— Нет, — отказался Хортон, — Я умоюсь потом. Видишь, я же съел пока только полбифштекса.
— Вы да извините меня, пожалуйста, — произнес Плотояд, поднялся и вприпрыжку понесся по тропке вниз. Человек и робот остались сидеть, провожая его глазами.
— Как прошел день? — поинтересовался Никодимус.
Хортон пожал плечами:
— Отсюда чуть к востоку есть что-то вроде покинутой деревни. Каменные постройки, совсем заросшие кустарником. Судя по всему, там никто не живет уже много веков. Никакого намека ни на то, почему они были здесь, ни на то, почему ушли. Шекспир, по словам Плотояда, считал, что тут была исправительная колония. Если так, ловко придумано. Раз туннель не работает, не надо волноваться, что кто-нибудь сбежит.
— А Плотояд не знает, что это были за люди?
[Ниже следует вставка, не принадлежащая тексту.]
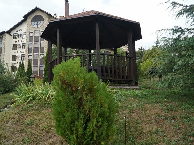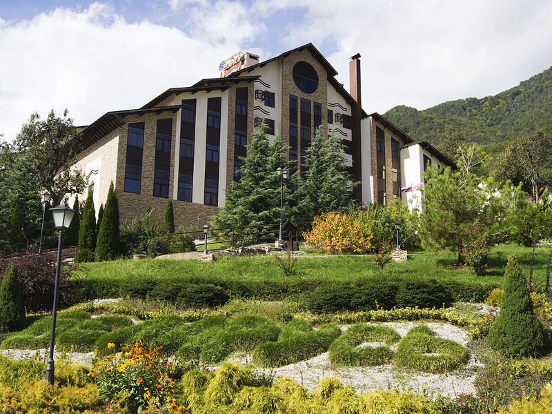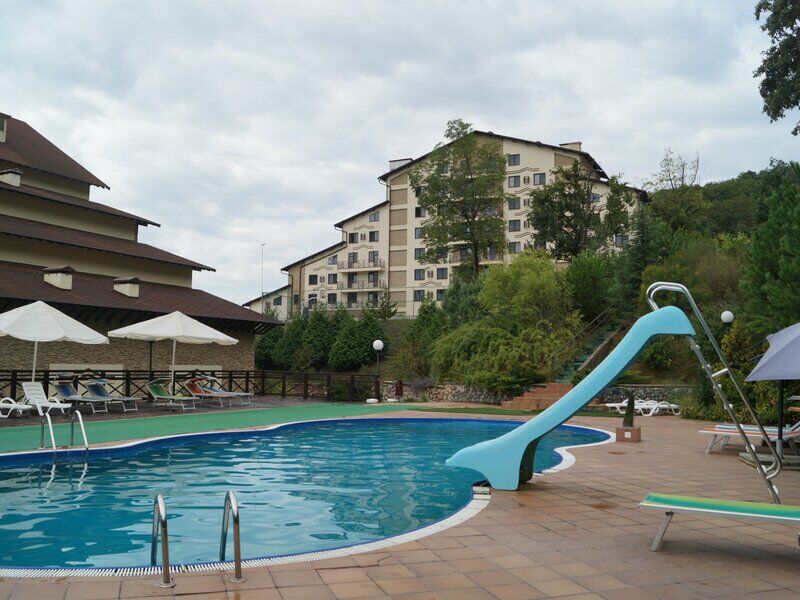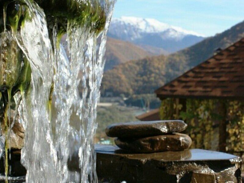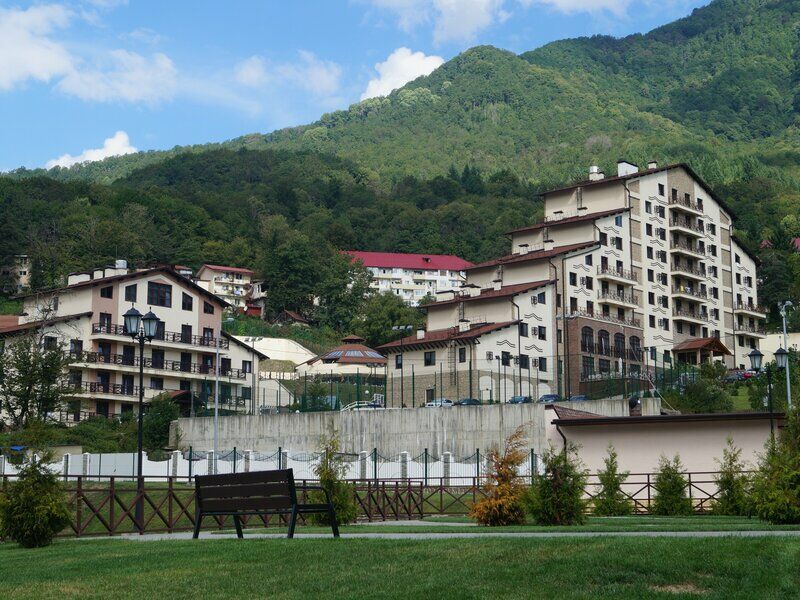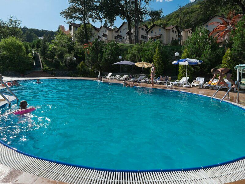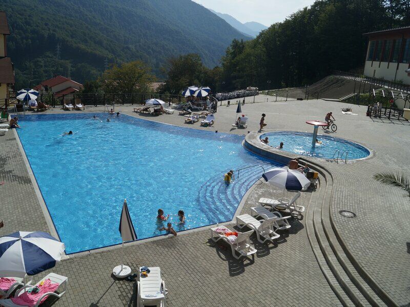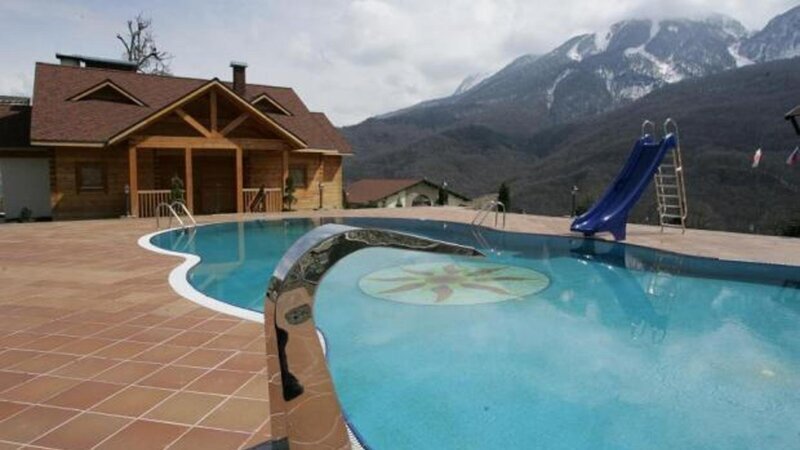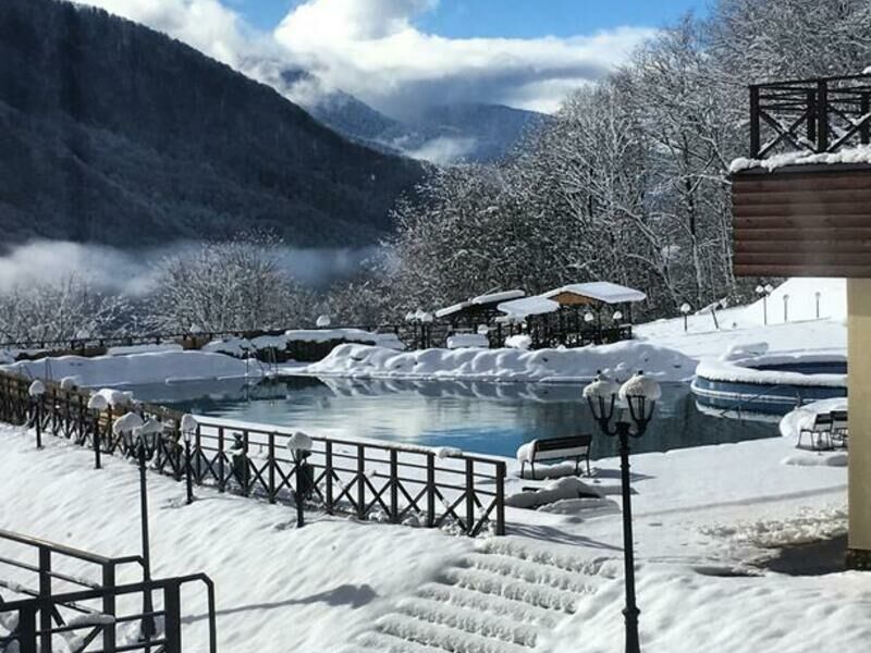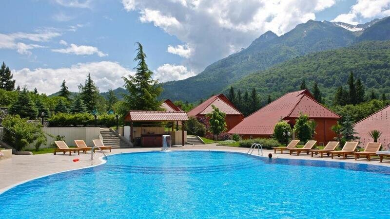 Из плюсов: Большая ухоженная красивая и зелёная территория, два бассейна для взрослых и один бассейн для детей, все бассейны отапливаемые, чистые. Много лежаков у бассейна, хватало всем. Изумительный вид на горы!🏔

— Не знает. И по-моему, ему наплевать. Он лишен подлинной любознательности. Все, что его интересует, — это настоящий момент. Кроме того, он боится. Прошлое, по — видимому, пугает его. Мое предположение, что они были гуманоидами, но не обязательно людьми в нашем понимании. Я заходил внутрь одной из построек и нашел там что-то вроде бутылки. Сперва я подумал, что это ваза, но скорее все-таки бутылка.
Пошарив подле себя, Хортон нашел бутылку и вручил Никодимусу, Робот долго вертел ее в руках.
— Грубая работа, — изрек он. — Картинки способны дать лишь приблизительное представление о действительности. Трудно сказать, что они изображают. А эти значки похожи на письменность…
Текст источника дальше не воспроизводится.